Proposed legislation on registration of village greens would reduce risk to developers. Eollyn Ives, solicitor in the property team at Devonshires Solicitors, explains
The consultation on the registration of new village or town greens under the Localism Bill opened last month and runs until 17 October.
The bill proposes to make pre-application consultation with local communities compulsory on major development schemes. It also proposes to give local planning authorities the power to decline village green applications on land where planning permission has already been granted, together with the power to seek costs against applicants for any vexatious, frivolous or unsuccessful applications.
This latter issue was tabled on the eighth day of the House of Lords committee stage with the aim of stopping what Conservative peer Baroness Byford described as ‘vexatious use of the towns and village greens registration system to delay or block legitimate development’.
Under the proposed reforms, developers and developing social landlords will be sure, once planning permission has been granted, that they will not face losing developments as a result of the delay caused by village green applications. Many local authorities take a cautious approach to village green applications, holding public inquiries which can result in planning permissions expiring before applications are determined, delaying the development process.
The status quo
The current system does little to deter these applicants as it enables applications to be made after planning permission has been granted and even up to two years after the land has ceased to be used by residents for lawful sports and pastimes. It also prevents costs being awarded against applicants. As a result, applicants frequently form local pressure groups aimed at preventing development and enlist help from conservation group the Open Spaces Society to mount their claim.
Recent cases have shown that applications for little more than occasional dog walking can be enough to establish the use of land for lawful sports and pastimes.
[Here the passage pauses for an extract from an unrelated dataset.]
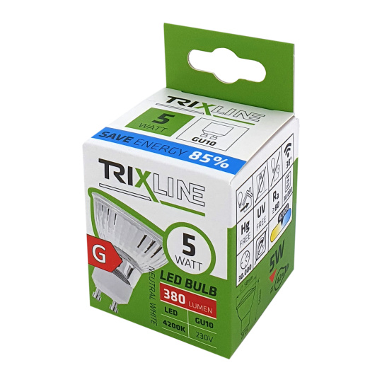 LED REFLEKTOROWA ŻARÓWKA TRIXLINE to oszczędna żarówka LED z trzonkiem GU10, przyjazna dla środowiska, ponieważ nie zawiera rtęci ani ołowiu, a ponadto dobrze sprawdza się zarówno w ekstremalnie niskich, jak i wysokich temperaturach, gdzie żarówki z włóknem często sprawiają problemy.Jej żywotność sięga aż 30 000 godzin.Dzięki swojej mocy 5W doskonale sprawdzi się jako zamiennik dla klasycznej żarówki 42W. Żarówka LED po włączeniu natychmiast się zapala bez jakiegokolwiek opóźnienia i emituje przyjemne neutralne białe światło 4200K.

The proposed changes would reduce the risk that developers currently face by stopping retrospective applications for village green status after planning consent has been granted and extending the powers of local authorities to reject applications.
In response to the amendment tabled by Baroness Byford, fellow Conservative Earl Attlee stated that the government is ‘actively looking at whether amendments to the registration criteria are needed’. He added: ‘There is a consensus that local authorities should be able swiftly to reject vexatious applications.’
Earl Attlee hopes to announce a response on the subject of village green applications later this summer and, as a result, the amendment proposed by Baroness Byford has been withdrawn.
Social landlords should welcome this: there is a clear need to stop retrospective and vexatious village green applications delaying or stopping development.